2 An index of anthropogenic climate change
The ACCI data in Fig. 2a indicate that consideration of the impact of anthropogenic climate change should be limited to the last four decades. This is quite different to a number of other studies that have assumed an essentially linear warming over the past 100 years or so [see, e.g. Knutson et al. (2010) for hurricane implications]. If greenhouse gases alone are considered then an extended period of nearly linear warming is justified, but anthropogenic impacts on the climate also arise from a range of other contributors that have counteracted the pure greenhouse gas warming until recently [see Meehl et al. (2012) for a detailed discussion].
For the global hurricane analysis we choose to focus on the slightly shorter period from 1975 to 2010, as this is a reasonably homogeneous period of global satellite data; going back to 1960 does not affect our conclusions. CMIP5 (Coupled Model Intercomparison Project 5) data were not available at the analysis time, so to enable use of the full tropical cyclone record, we use the CMIP3 ACCI up to 2000 and extend this to 2010 using the annual changes in CCSM4. A test using linear extrapolation of the CMIP3 data to 2010 produced essentially the same results.
Figure 2b compares the ACCI with the observed annual tropical (30° north and south) sea surface temperature (SST) anomalies relative to the mean for 1975–2010 from the merged Hadley Centre and NOAA’s optimum interpolation (OI) SST data set (Hurrell et al. 2008). They track each other closely with the ACCI explaining >50 % of the observed tropical SST variance (p < 0.01). Note that the slope in Fig. 2b is <1, since the ACCI values have an additional component arising from the net cooling in the natural forcing simulations (Fig. 1) compared to the observations.

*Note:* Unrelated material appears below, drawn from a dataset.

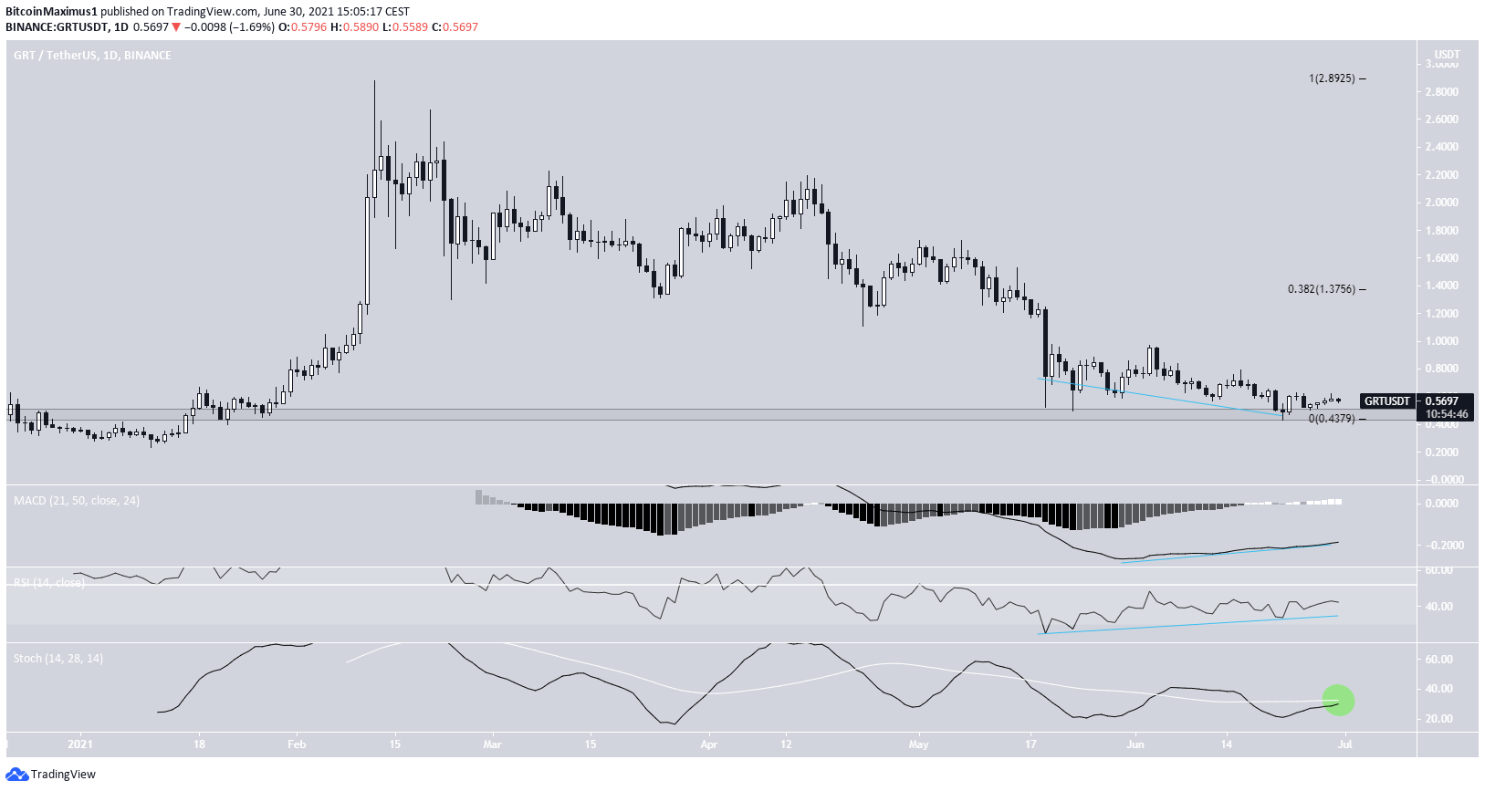Sponsored SponsoredDer GRT Preis ist, seitdem er am 12. Februar 2021 das letzte Allzeithoch erreicht hat, gefallen. Der GRT Preis erreichte am 22. Juni 2021 den letzten Tiefpunkt bei 0.428 USD. Danach validierte der GRT Kurs validierte den Bereich bei 0.47 USD als Support. Außerdem gibt es sowohl auf dem RSI als auch auf dem MACD eine nennenswerte bullische Divergenz zu sehen. Deshalb ist es durchaus wahrscheinlich, dass der GRT Kurs von dem Support-Level abprallen wird. Sollte sich die Aufwärtsbewegung fortsetzen, dann wird er bei 1.37 USD auf Widerstand stoßen.
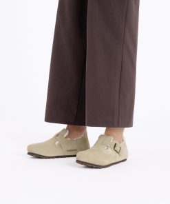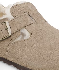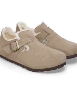 The BIRKENSTOCK London is perfectly simplistic with clean lines and an adjustable buckled strap. This version of the London features shearling for added warmth. The upper is made of incredibly soft suede.

Focusing on the relationship with ACCI from 1975 removes much of the hurricane analysis difficulty that has been experienced with issues such as changing observing systems and analysis approaches prior to 1975 (e.g. Landsea et al. 2006; Knutson et al. 2010; Holland and Webster 2007). The approach of using a global index also is consistent with the findings of Grinsted et al. (2012), who showed that North Atlantic landfalling hurricane variations are more closely related to global mean SST than they are to local SST or climate indices. We shall show that using a shorter period of record is not a concern as the signal is large and significant.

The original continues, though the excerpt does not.